───── COLLECTED DATA ─────

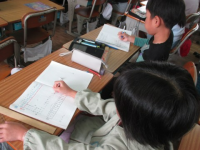 3年生の音楽の様子です。先生の持っているカードを見て、その通りにリズム打ちをします。とても集中してできていました。
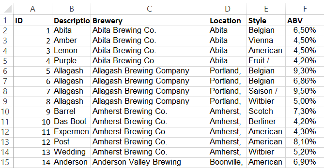 Before products can be imported to be used in an EyeQuestion project, an excel file with product data has to be created. The image below shows an example of how an excel file can be created to be used with the PDB.
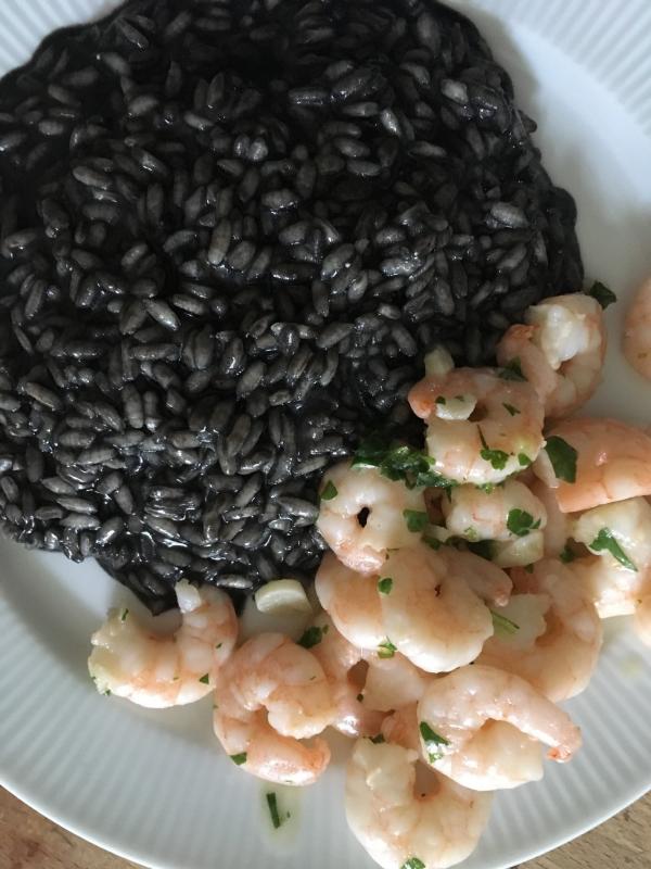 Tintenfisch-Risotto mit Garnelen

─────

- **YOUR ASSIGNMENT**: Once the pictures are set aside, please reproduce the remaining material word for word.

- **TASK SOLUTION**:
 3年生の音楽の様子です。先生の持っているカードを見て、その通りにリズム打ちをします。とても集中してできていました。
 Before products can be imported to be used in an EyeQuestion project, an excel file with product data has to be created. The image below shows an example of how an excel file can be created to be used with the PDB.
 Tintenfisch-Risotto mit Garnelen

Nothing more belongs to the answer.